My take is that you are not here for the purpose of edification or spiritual growth, but that your real reason for being here is that you have an axe or two to grind. What do you hope to gain by sowing discord on this website? Your sophomoric rhetoric is very revealing of your actual motivation.

You, along with the Ricks, skywalkers, Zekes, Dans, Bryans, Joseph K.s, Plutos, JohntheBaptists, et.al remind me of that “Mayhem” guy on the Allstate insurance TV commercials  - lol

Hi Dennis (McGrath)

From following his past career, he’s a spin-doctor, not an apologist. There’s a big difference.

Let’s all do the right thing on November 6th 2012 and vote this Blamer/Complainer/Campaigner-in-Chief out of office!

“Justice” for victims.  Leave it to the Church to also become infected from outreach with the word justice.  Just what definition of Justice are we using.  Justice is a code word today in politics.  We are not talking about the “Justice and Liberty for All, or a legal verdict, but rathera social justice which is one of the main political planks/platforms of the Socialist Movement in the World today.

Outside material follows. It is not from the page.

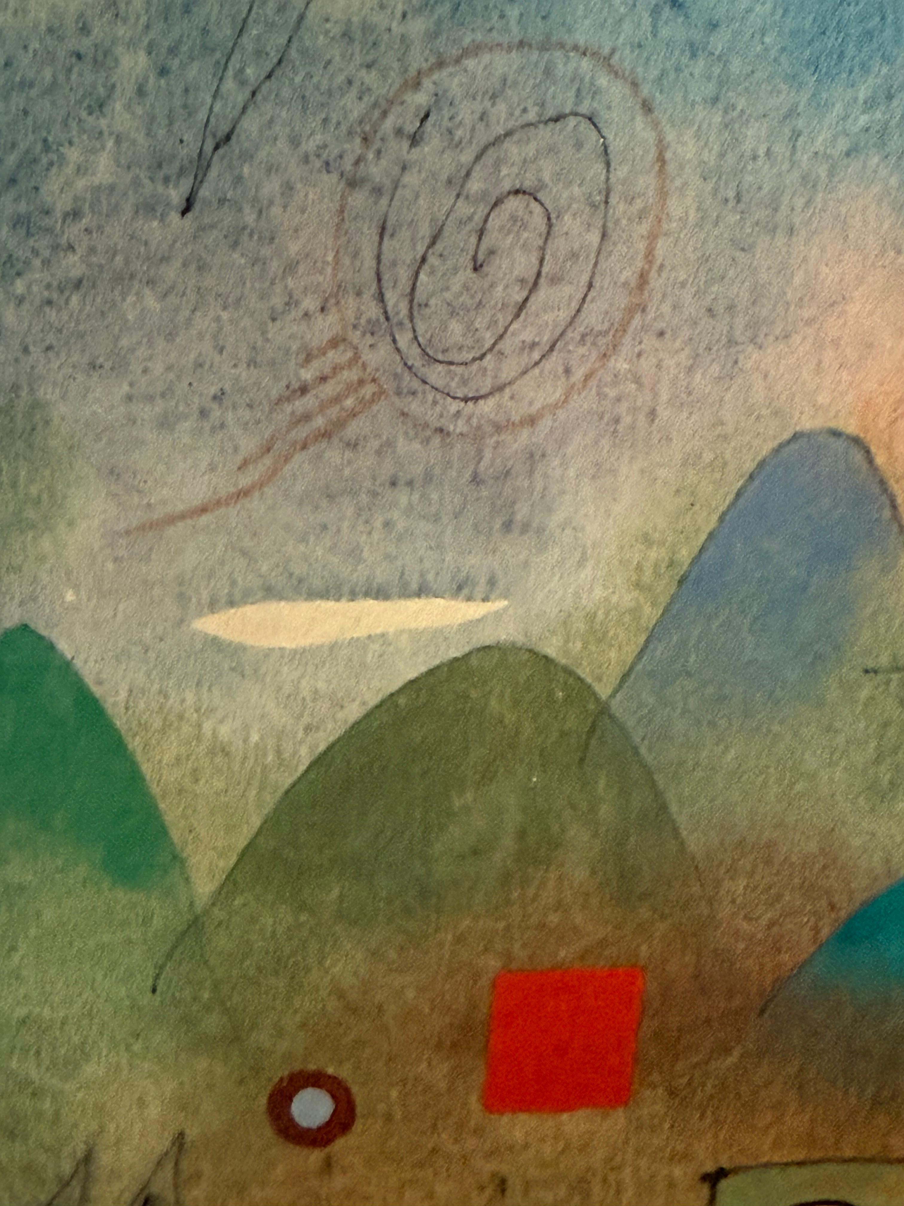 The work captures the spirit of Paul Klee’s poetic vocabulary, where color is atmosphere and shapes emerge as fragments of memory. The piece evokes a sense of floating between worlds: terrestrial and cosmic, structured and improvisational.

Gloria, the mere fact that you are reading Catholic websites such as EWTN shows that you miss something about the faith. The Holy Spirit is gently nudging you. Listen to His voice with an open heart. I agree with what you have said about the Sunday sermons and want to scream for anyone to please give us some guidance- but things happen slowly and God has a plan. I also agree with Ann Marie- look at those Catholic websites and let God guide you. God bless you- He loves you and as a practicing catholic, let me add- we want you back. You are one of our lost sheep and we miss you.

James Findlayson, I am just a beginning Christian, and I have a problem with detraction, too.  It is so easy for me to reveal people’s faults and failings, and thus block the progress both of my understanding and of their redemption.

I’m trying to make it my habit, lately, to guard my words and not disclose any other person’s shortcomings, unless there is an urgent need and a sincere desire for the other person’s good.

I am so vulnerable to criticism, myself. Truly. I realize I need to curb the lacerating remark and encourage others when they are trying to take a step in the right direction.

Amen, Karen!

If I might add to your beautiful commentary…

Gloria, we will welcome you with open arms!
...and oops, I accidentally posted a reply to Jesuitical on the wrong article. A thousand apologies!